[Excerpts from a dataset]
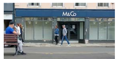
This shop needs attention but sadly remains empty.

HDC has launched a new scheme which provides grants of up to £10,000 to local businesses in Huntingdon and St Ives town centres, something we briefly mention in our last issue. The scheme, funded by the Cambridgeshire & Peterborough Combined Authority and is being delivered jointly by BID Huntingdon First and HDC.
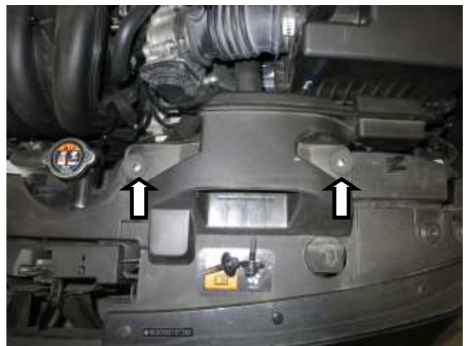
d. Use a 10mm socket and ratchet to remove the (2) M6 bolts holding the intake snorkel to the radiator shroud. These bolts will be reused in step 3f.
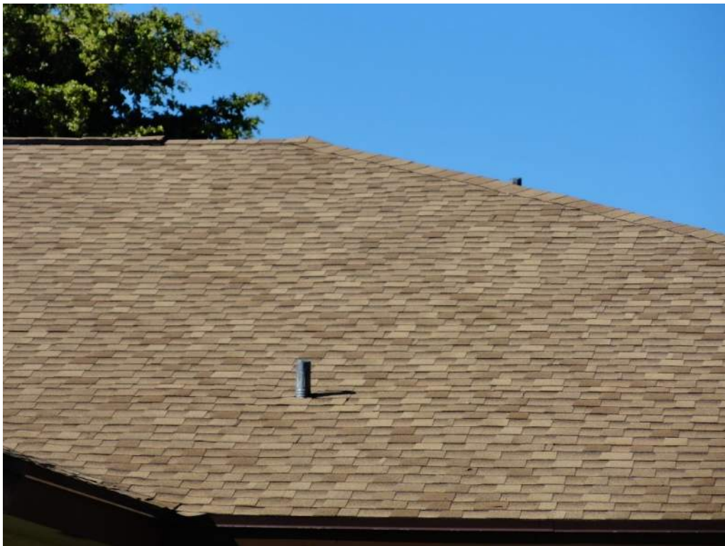
2. Roof Covering – Asphalt Shingles
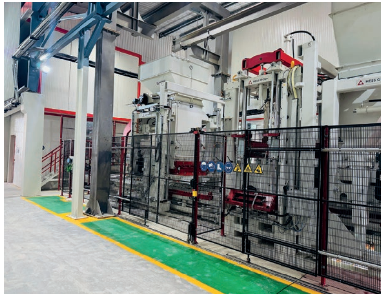
RH2000-4 VA with open facing concrete section

The machine is equipped with a variety of optional accessories to cover a wide range of products with heights from 25 mm to 500 mm. These include a polystyrene insertion unit for the production of thermally insulated hollow blocks, a facing concrete unit for the production of paving blocks with sophis-
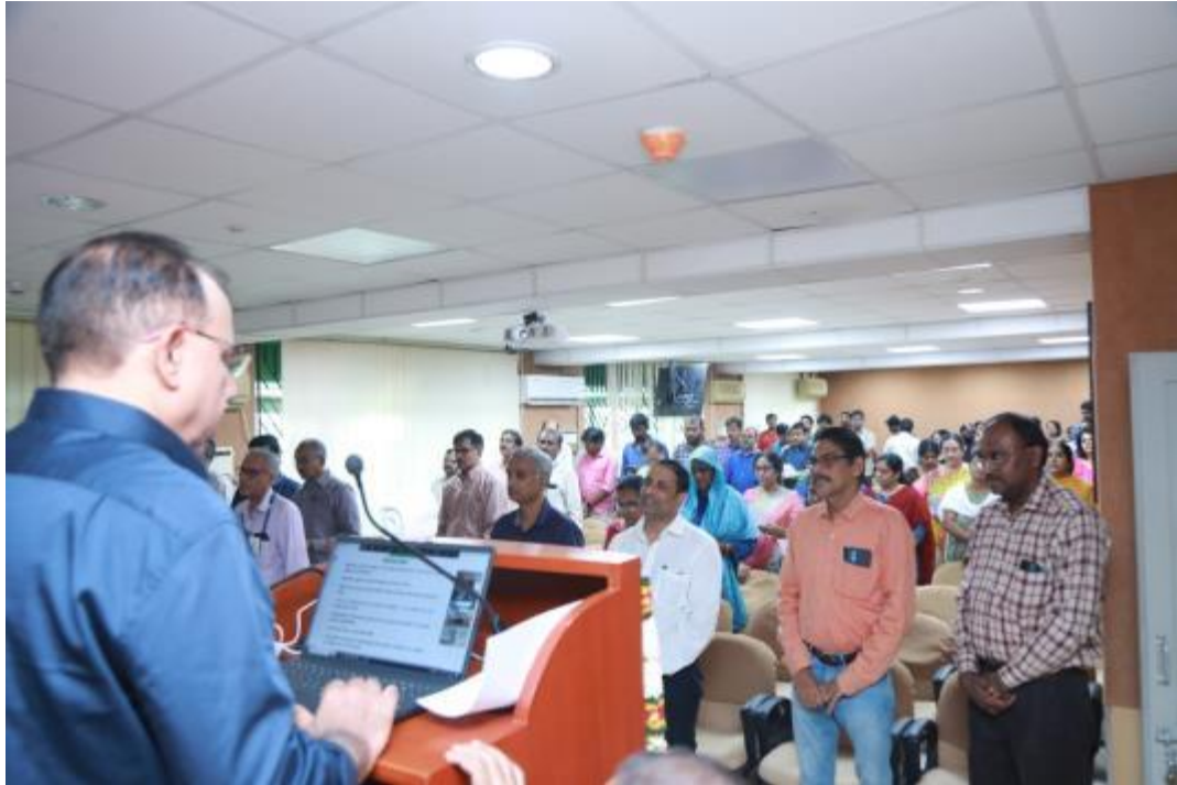
Swachhata Pledge at ICAR headquarters, Chennai, Tamil Nadu
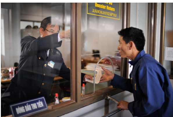
The Lao Bao international checkpoint in Viet Nam.

**EXERCISE REQUIREMENTS:** Leave out the pictures; repeat the data exactly.

**SOLUTION TO THIS PROBLEM:**
This shop needs attention but sadly remains empty.

HDC has launched a new scheme which provides grants of up to £10,000 to local businesses in Huntingdon and St Ives town centres, something we briefly mention in our last issue. The scheme, funded by the Cambridgeshire & Peterborough Combined Authority and is being delivered jointly by BID Huntingdon First and HDC.
d. Use a 10mm socket and ratchet to remove the (2) M6 bolts holding the intake snorkel to the radiator shroud. These bolts will be reused in step 3f.
2. Roof Covering – Asphalt Shingles
RH2000-4 VA with open facing concrete section

The machine is equipped with a variety of optional accessories to cover a wide range of products with heights from 25 mm to 500 mm. These include a polystyrene insertion unit for the production of thermally insulated hollow blocks, a facing concrete unit for the production of paving blocks with sophis-
Swachhata Pledge at ICAR headquarters, Chennai, Tamil Nadu
The Lao Bao international checkpoint in Viet Nam.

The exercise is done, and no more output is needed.